Methodology

Talking about space

Data sources

Two corpora were assembled to analyze how outer space has been framed across different public arenas.

For news, headlines were collected from The New York Times via the NYT Article Search API, covering 1950–2024. A set of space-related search phrases was used to fetch articles spanning space exploration, policy, competition, science, and commercialization. Only articles where the phrase appeared in the headline were retained. The final corpus comprises 6,442 headlines.

For politics, space-relevant excerpts were drawn from the American Presidency Project at UC Santa Barbara, the most comprehensive freely accessible archive of U.S. presidential documents. The same search phrases were used to identify documents, and only the specific paragraphs where a phrase appeared were extracted. Where a single document matched multiple phrases in different paragraphs, all matching paragraphs were merged into one excerpt. The final corpus comprises 1,408 excerpts covering 1960–2024. The 1950s are excluded from the analysis due to insufficient data

Thematic & actor classification

Each text was classified across a set of thematic frames and actor types using the semantic embedding model nomic-embed-text-v1.5. The model converts both texts and thematic and anchor anchors into numerical vectors in a high-dimensional space, where meaning is encoded as geometric position and similarity is measured as the angle between vectors.

Each thematic frame and actor type is represented by a single dense anchor string made up of descriptive terms, capturing what that type looks like across different historical periods and vocabulary registers. The six thematic frames are:

    • Space race & rivalry: competition between nations and powers for space dominance and strategic advantage
    • Spaceflight & missions: operational activities, programs, missions, and execution of space exploration
    • Studying the cosmos: scientific research and discovery about space and celestial phenomena
    • Risk & hazards: dangers, failures, disasters, and hazards related to space activities and infrastructure
    • Markets & commerce: commercial opportunities, private companies, and economic dimensions of space
    • Meaning & identity: cultural, philosophical, and existential significance of space exploration

    The main actor sets differ between the two corpora, reflecting the different rhetorical logics of journalism and political speech. In news, five actor types are tracked: astronauts, the national state, geopolitical rivals, the private sector, and the scientific community. In political speech, four actor types are tracked: the national state, geopolitical rivals, international partnerships, and the private sector.

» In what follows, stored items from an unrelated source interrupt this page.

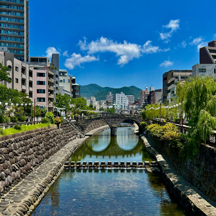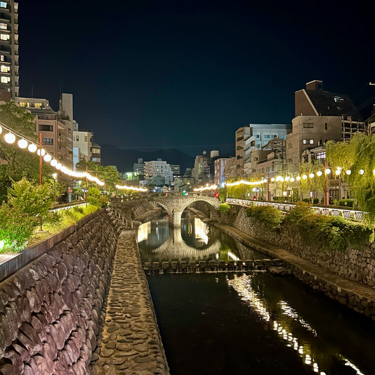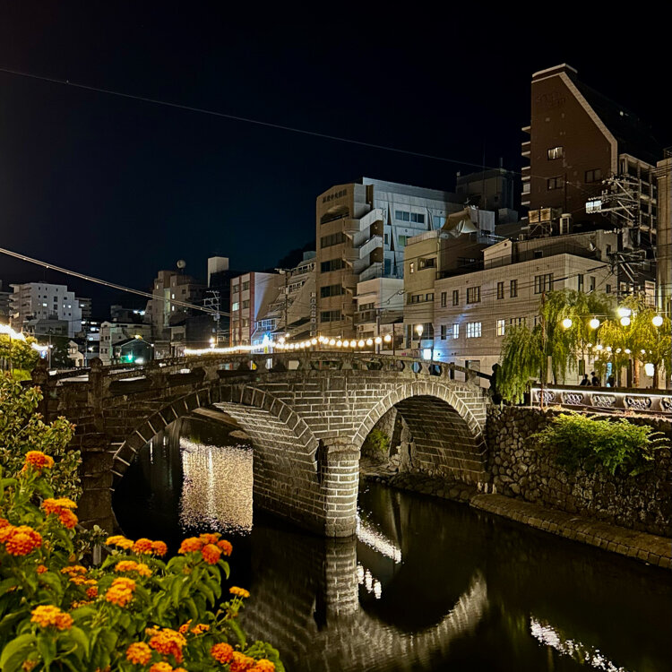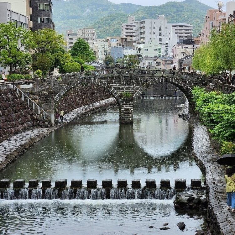 日本三大名橋で知られている長崎眼鏡橋✨ 27年ぶりに再開出来ました😆✨ 高校の修学旅行以来の長崎県に滞在しました! 眼鏡橋は夜になるとライトアップされているので、昼と違った雰囲気を出してくれます! ハート岩を探すことも小さな楽しみですね😆✨ #ゆるり夏時間 #眼鏡橋 #長崎県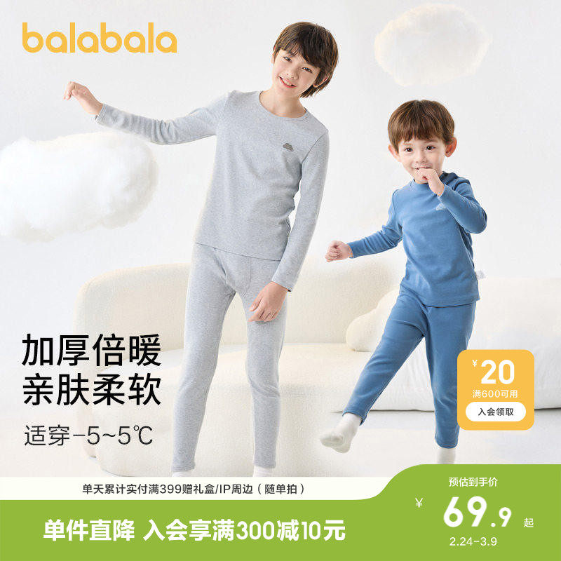 巴拉巴拉男童保暖内衣套装春秋加厚儿童秋衣秋裤小大童睡衣A类棉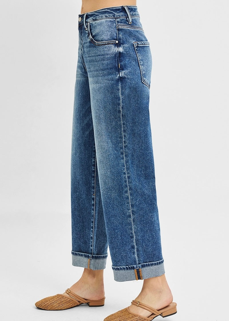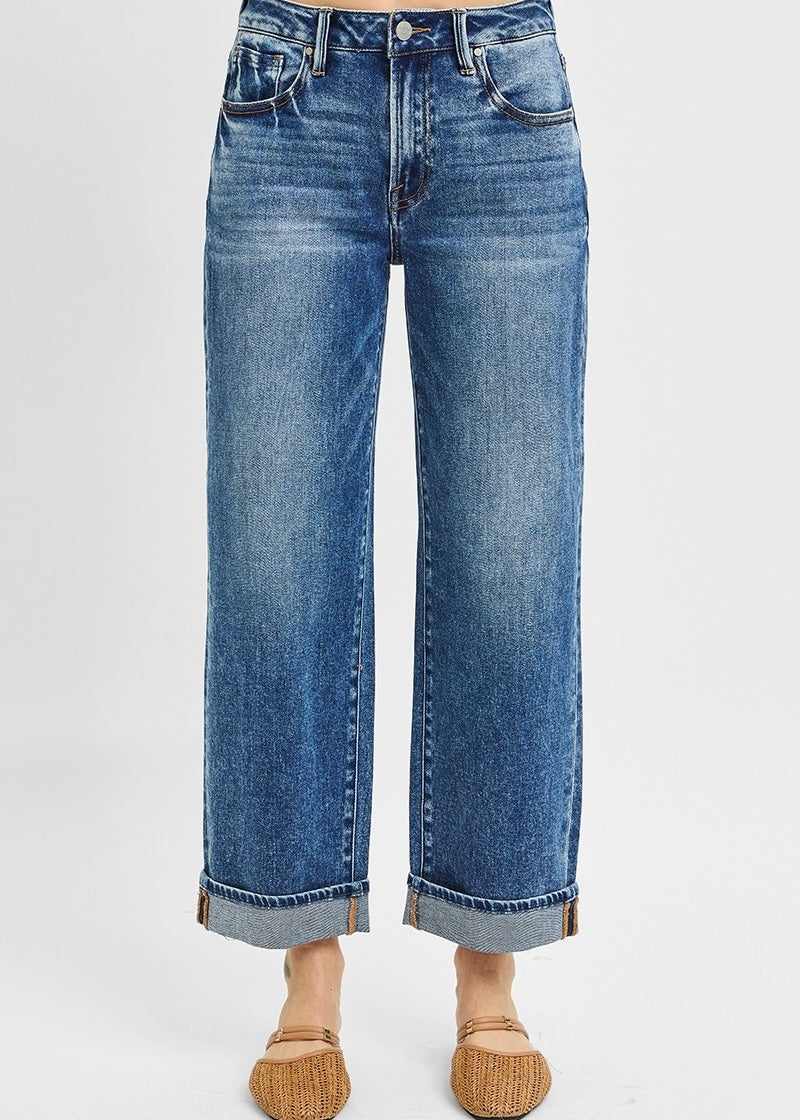 MID RISE ANKLE BOYFRIEND TURN UP CUFFED JEANS - Rise 10 1/2" | Inseam 26" (after cuff) 28" (before cuff) in size 3/26 - Model Info: Height 5'8" | Waist 24" | Hips 34" - Model is wearing size 1/25 - Cuff can be released
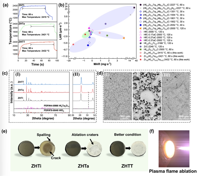 图1 ZHTi、ZHTa和ZHTT的烧蚀性能:(a)烧蚀温度曲线;(b)质量损失率和线性烧蚀率;(c)I:烧蚀后不同陶瓷表面的XRD图谱,II:局部放大图像;(d)烧蚀后陶瓷烧蚀中心微观结构,I:ZHTi,II:ZHTa,III:ZHTT;(e)烧蚀前后陶瓷的宏观形貌;(f)等离子烧蚀示意图。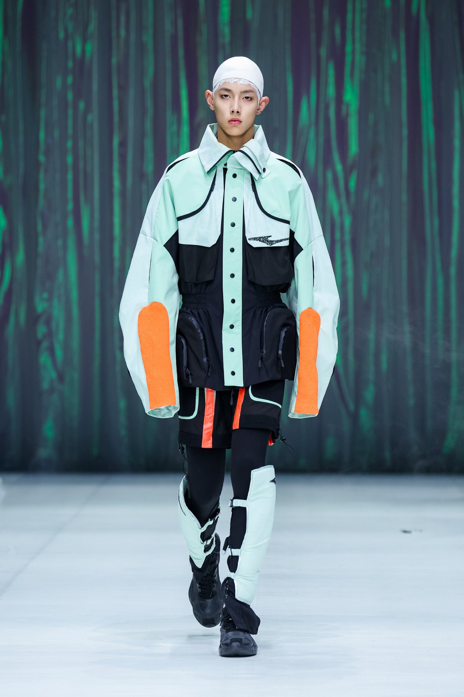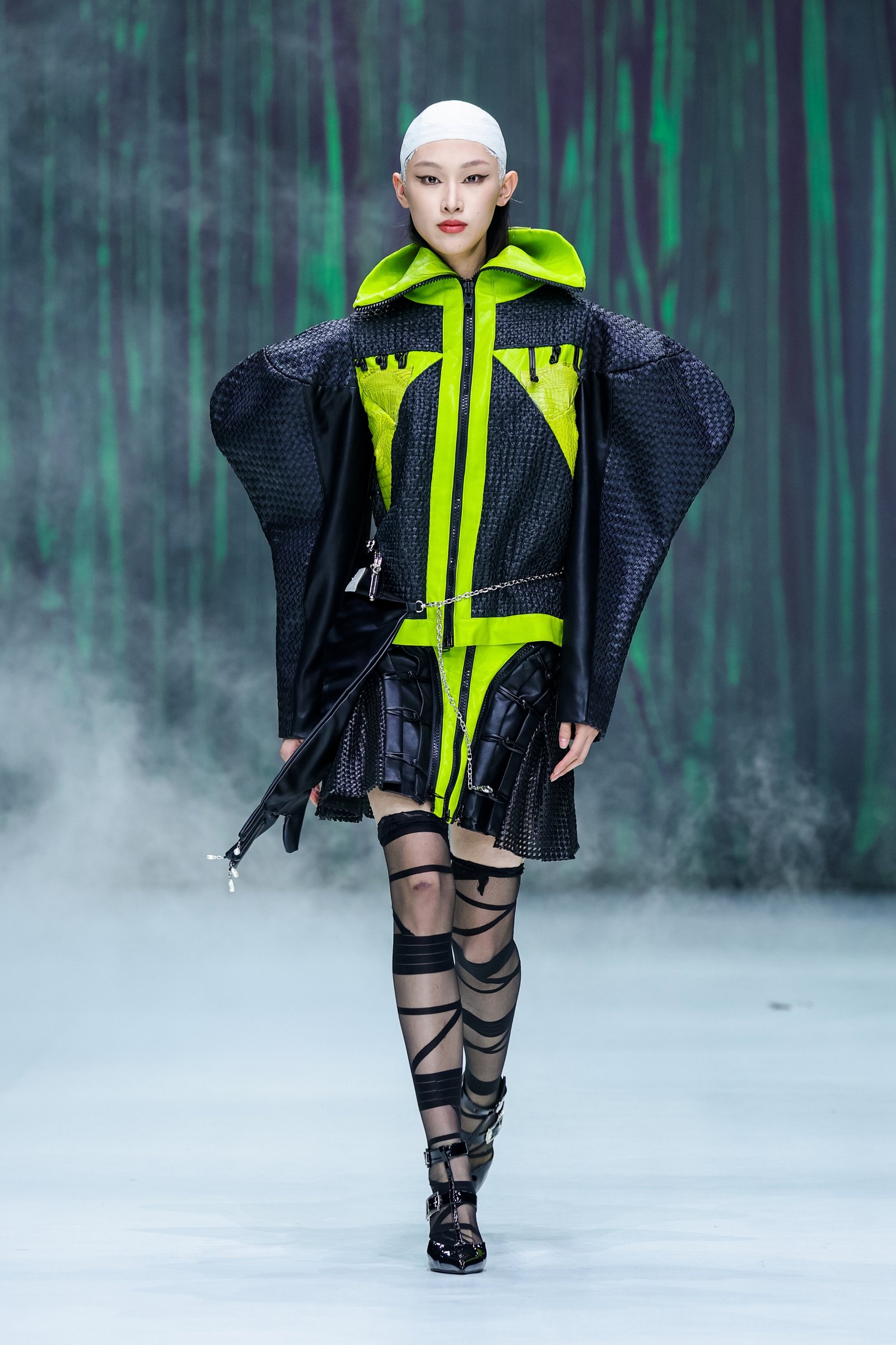 在工艺革新层面,数控热压成型技术赋予环保面料以立体肌理,使服装成为可穿戴的“雕塑艺术”;再生尼龙与皮革的混合重组,让服装成为动态的活力载体。此外,可拆卸模块设计于细节处实现了服装的功能性转化,这种对功能性的极致追求,恰是江西服装学院“以衣载道”设计哲学的具象化表达。

Because all texts in the corpus are already about space, raw similarity scores for both actors and themes tend to be close together by definition. Each document's scores are therefore z-score normalized relative to its own mean and standard deviation across all six themes — asking not which theme/actor this document is close to, but which theme it stands out in relative to all others. A softmax transformation then converts these relative scores into a probability distribution summing to 1.0.


Talking to space

The Talking to space section uses a different type of data: a catalogue of cultural objects and messages sent beyond Earth since the beginning of the space age.

This dataset is based directly on:

Paul E. Quast, "A Profile of Humanity: The Cultural Signature of Earth's Inhabitants Beyond the Atmosphere," in Speaking Beyond Earth: Perspectives on Messaging Across Deep Space and Cosmic Time (McFarland, 2024).

Each object is plotted by year and categorized by type: METI interstellar radio messages, send-your-name campaigns, time capsules, space race deposits, cultural and advertisement messages, and others.